Tear-Filled Flasks

From today’s reading…

My wanderings you have counted;

my tears are stored in your flask;

are they not recorded in your book?

Then do my enemies turn back,

when I call upon you.” Psalms 56:9-10

Raising seven kids has provided countless flask-filling (tears and maybe some brown liquid) wanderings for my wife and me.

In these nearly 23 years of child-rearing and teaching, there have been tears shed over math lessons and science projects, driving lessons and sports, boyfriends, girlfriends, and friends who turned out not to be friends.

While every tear ever shed by every child has cut my wife and me to the bone, I wouldn’t change a single thing because—as long as we’re engaged, observant, available, and supportive—we have used those tears of pain as teaching moments that support our mission as parents, which is not to coddle our children and protect them from the world, but to prepare them to handle what the world will throw at them and to get to heaven.

But if our children suffer in silence, without us knowing, or if we ignore their pain, they still learn from their tearful experiences.

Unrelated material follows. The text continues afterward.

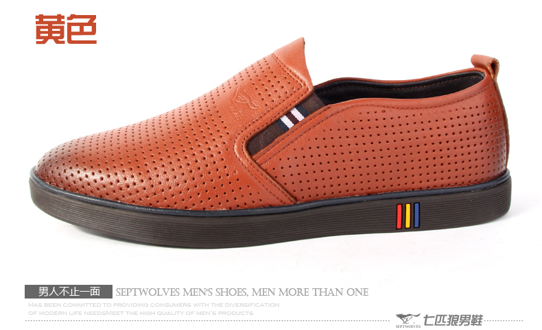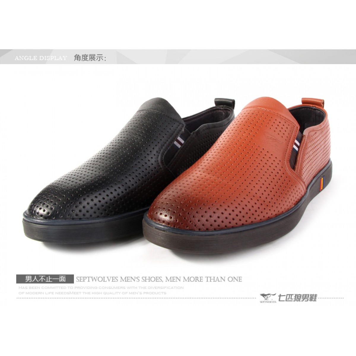 七匹狼 男鞋新款头层牛皮男士夏季镂空透气真皮打孔皮凉鞋子

It’s just a more painful lesson that teaches them that they are unloved: that nobody cares about them, their pain, their struggles, their lives.

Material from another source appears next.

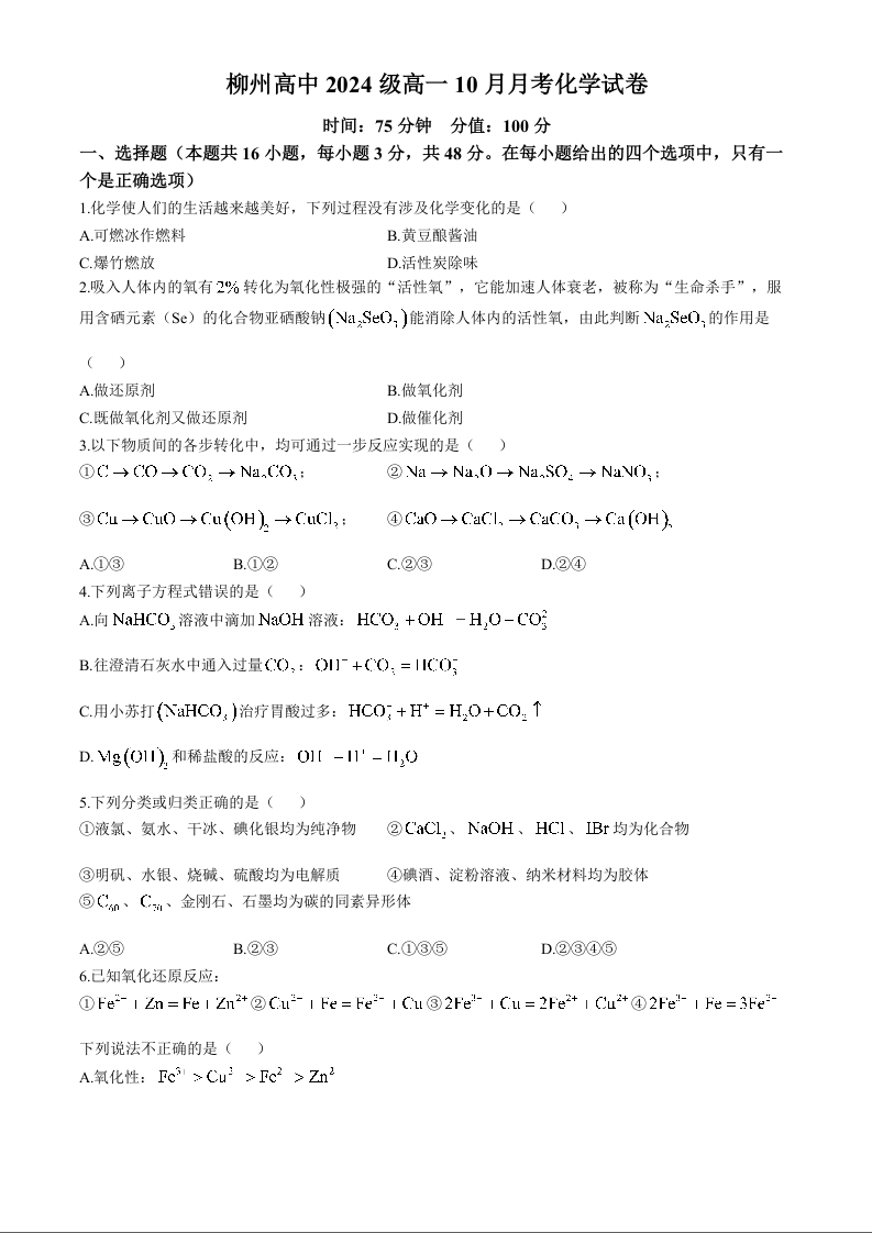 广西柳州高级高中2024-2025学年高一上学期10月月考 化学

They’re wrong…but at that moment there is too much not right, so that negativity, doubt, and fear takes root.

That’s why we have to be there for them.

Sometimes to lift them up.

Sometimes to simply encourage them and remind them that they are loved.

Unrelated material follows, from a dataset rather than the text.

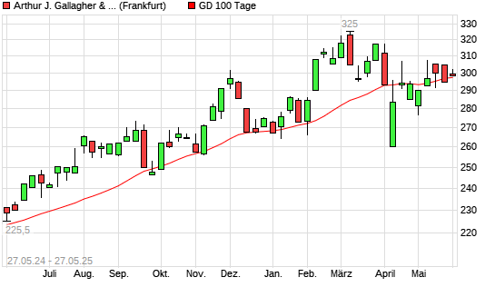 Mit dem Anstieg auf 302,40 EUR hat die Arthur J. Gallagher-Aktie am 26.05.2025 die 100-Tage-Linie nach oben gekreuzt.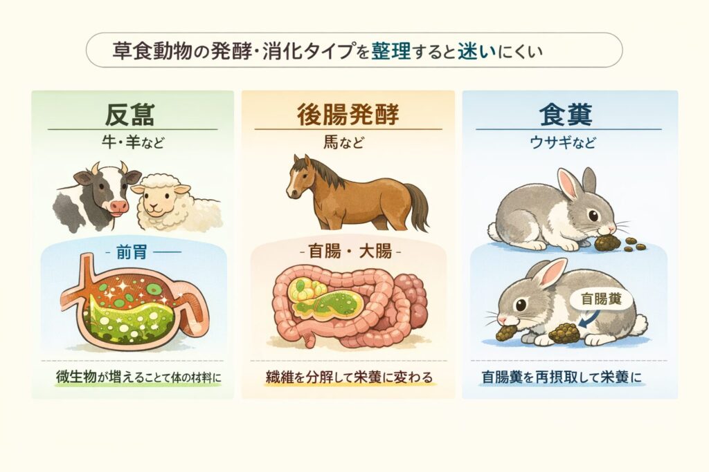 | 草食は全部同じ仕組み | 牛・馬・ウサギの差が消える | 発酵の場所と回収の導線が動物で違う | 3タイプ分岐 |

If a stitch in time saves nine, how many hopeless thoughts are saved by one encouraging word, one supportive nod, one shoulder on which to cry?

You’ve seen your enemies turned back during your life, so you know that’s God at work.

He’s using you as an instrument of His peace to remind others that they are loved, that they are seen, that they are not alone.

The interesting thing about this symbiotic relationship is that the teacher learns more than the student, so as you’re helping them, they are helping you to…

Stay the course. Keep the faith. Endure.

Market like you mean it. Now go sell something.